La forza delle armi è ingannevole, afferma Francesco e cita una frase di Madre Teresa: “Mentre i trafficanti di armi fanno il loro lavoro, ci sono i poveri operatori di pace che soltanto per aiutare una persona…danno la vita”. Oggi siamo in grado di dire che questi ‘poveri’ hanno dalla loro parte oltre che la forza del Vangelo e dell’etica universale, anche quella della buona norma giuridica, da conoscere e applicare ai vari livelli della governance. L’auspicio è che la normativa italiana sopra evocata, unitamente alla ‘sfida’ delle beatitudini lanciata da Francesco, sproni i governanti ad essere coraggiosi nel professare, in parole ed opere, nonviolenza e beatitudini.

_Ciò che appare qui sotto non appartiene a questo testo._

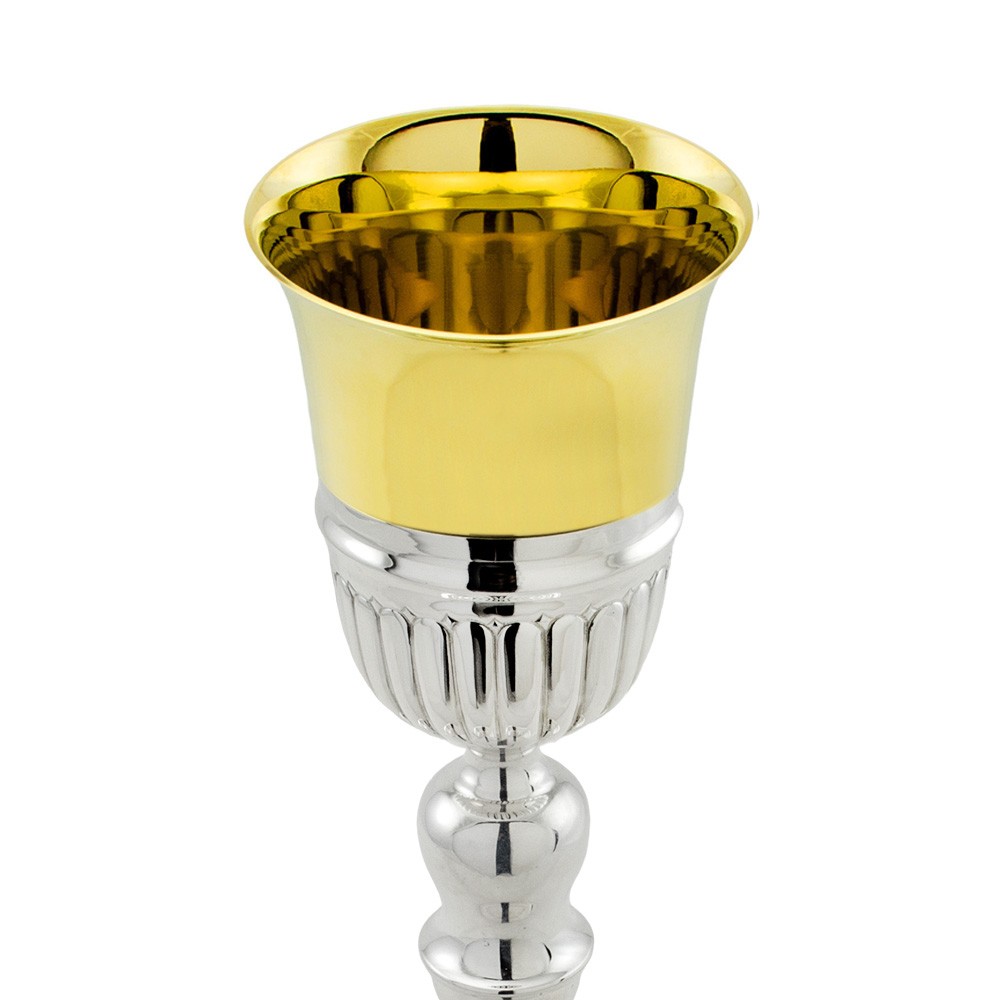 Chalice in 24k golden brass with antique silver node, h 20 cm.

Sul piano internazionale, un segnale importante viene dall’Assemblea Generale delle Nazioni Unite che il 19 dicembre 2016, dopo quattro anni di aspro confronto in seno al Consiglio Diritti Umani, ha approvato la Dichiarazione sul diritto alla pace, con 131 voti a favore, 34 contrari, 19 astenuti. Con questo atto, il ‘diritto a godere la pace’ entra nell’elenco dei diritti fondamentali della persona formalmente riconosciuti dal Diritto internazionale. E’ un ulteriore contributo allo sviluppo di questo Diritto nel momento storico in cui “l’interdipendenza ci obbliga a pensare a un solo mondo, ad un progetto comune” e “urge la presenza di una vera Autorità politica mondiale” (Enciclica Laudato Sì).
Bisogna essere consapevoli che, appunto nel mondo interdipendente e globalizzato, non si può fare a meno di adeguate istituzioni politiche internazionali. Per una efficace governance, oggi, non c’è alternativa alle legittime istituzioni multilaterali, da valorizzare in un contesto di governance multilivello dove sia fatto valere il principio di sussidiarietà. Occorre pertanto potenziare e democratizzare il sistema delle Nazioni Unite e delle organizzazioni regionali di integrazione.
L’agenda politica è certamente densa e complessa. Per gestirla occorrono educazione e formazione adeguate, unitamente al coraggio e alla passione che sono propri dei difensori dei diritti umani.